> Data extract
──────────

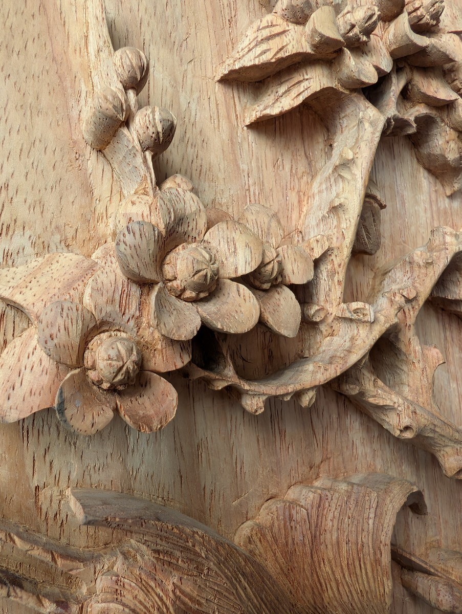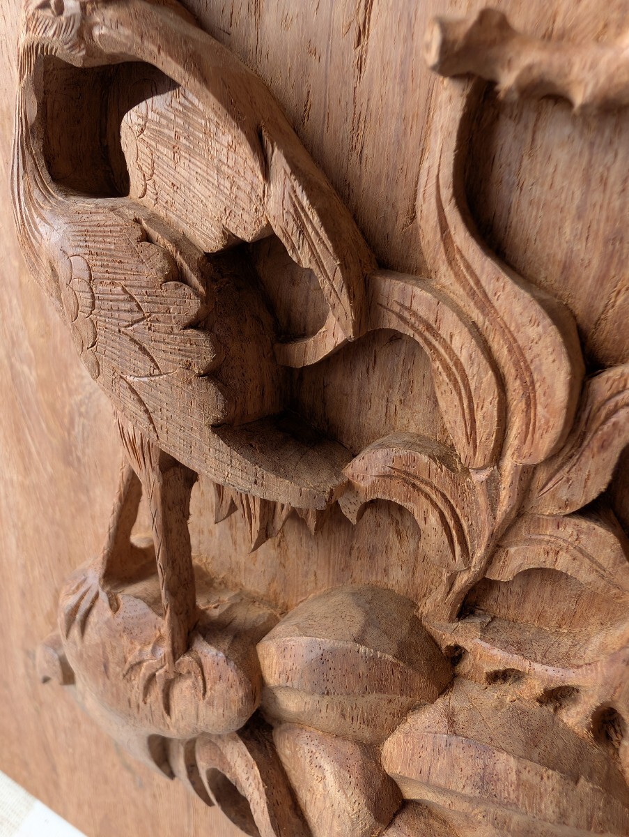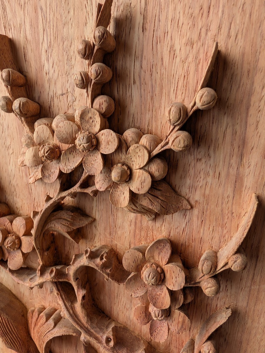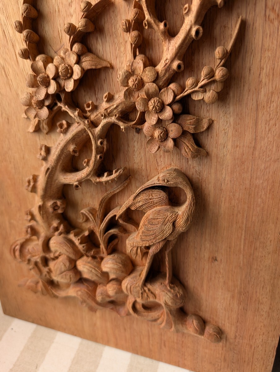 【送料込み】花梨 1枚板から彫り出した花鳥飾り板2枚セット 管理番号(1853)デッドストック 木製彫刻 生地仕上
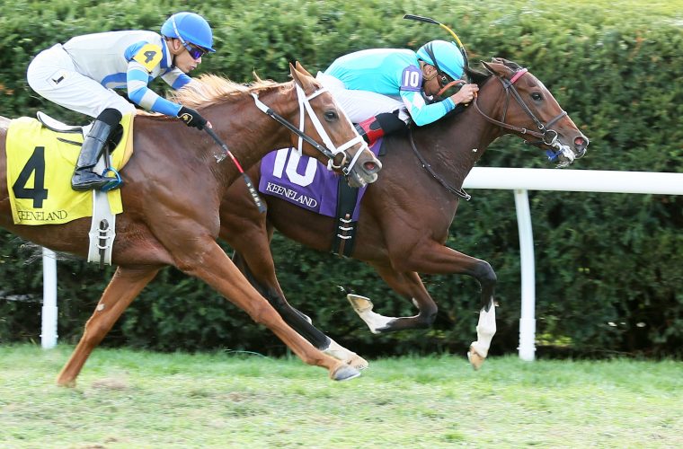 Thewayiam (FR) was previously trained in France by Yan Durepaire and made her first start in the US a winning one for new owners and BSW clients Great Point Stables, Elkstone Group and Bethlehem Stables. Prepared by trainer Graham Motion, she broke well and jockey Manuel Franco gave her a textbook trip. Down the lane, Franco noted that she ducked from something she saw in the infield but that did not keep her from winning by a neck. She has come out of the race well and will be pointed towards a Stakes race before the end of the year.
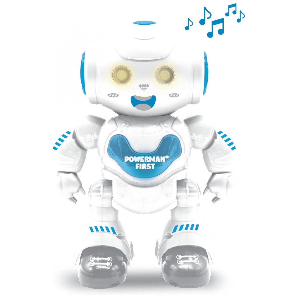 COM CONTROLE REMOTO! Controle o Powerman First para frente, para trás, para a direita e para a esquerda, ele se move em todas as direções! PROGRAMÁVEL Um verdadeiro robô STEM que ajuda as crianças a descobrirem a lógica da programação. Programe até 15 ações. TOCA MÚSICA E DANÇA Ouça suas várias faixas musicais e assista-o dançar em seu quarto como nenhum outro robô. Articulações flexíveis e ampla faixa de movimento. Incríveis efeitos de som e luz. Inclui 1 robô, 1 controle remoto infravermelho, 1 manual do usuário. COM CONTROLE REMOTO! Controle o Powerman First para frente, para trás, para a direita e para a esquerda, ele se move em todas as direções! PROGRAMÁVEL Um verdadeiro robô STEM que ajuda as crianças a descobrirem a lógica da programação. Programe até 15 ações. TOCA MÚSICA E DANÇA Ouça suas várias faixas musicais e assista-o dançar em seu quarto como nenhum outro robô. Articulações flexíveis e ampla faixa de movimento. Incríveis efeitos de som e luz.

──────────

> Problem to work on
Starting at the first line of the material above and ending with the line that contains "Thewayiam (FR) was", reproduce every line exactly, and leave out the pictures.

> Output for this task
 【送料込み】花梨 1枚板から彫り出した花鳥飾り板2枚セット 管理番号(1853)デッドストック 木製彫刻 生地仕上
 Thewayiam (FR) was previously trained in France by Yan Durepaire and made her first start in the US a winning one for new owners and BSW clients Great Point Stables, Elkstone Group and Bethlehem Stables. Prepared by trainer Graham Motion, she broke well and jockey Manuel Franco gave her a textbook trip. Down the lane, Franco noted that she ducked from something she saw in the infield but that did not keep her from winning by a neck. She has come out of the race well and will be pointed towards a Stakes race before the end of the year.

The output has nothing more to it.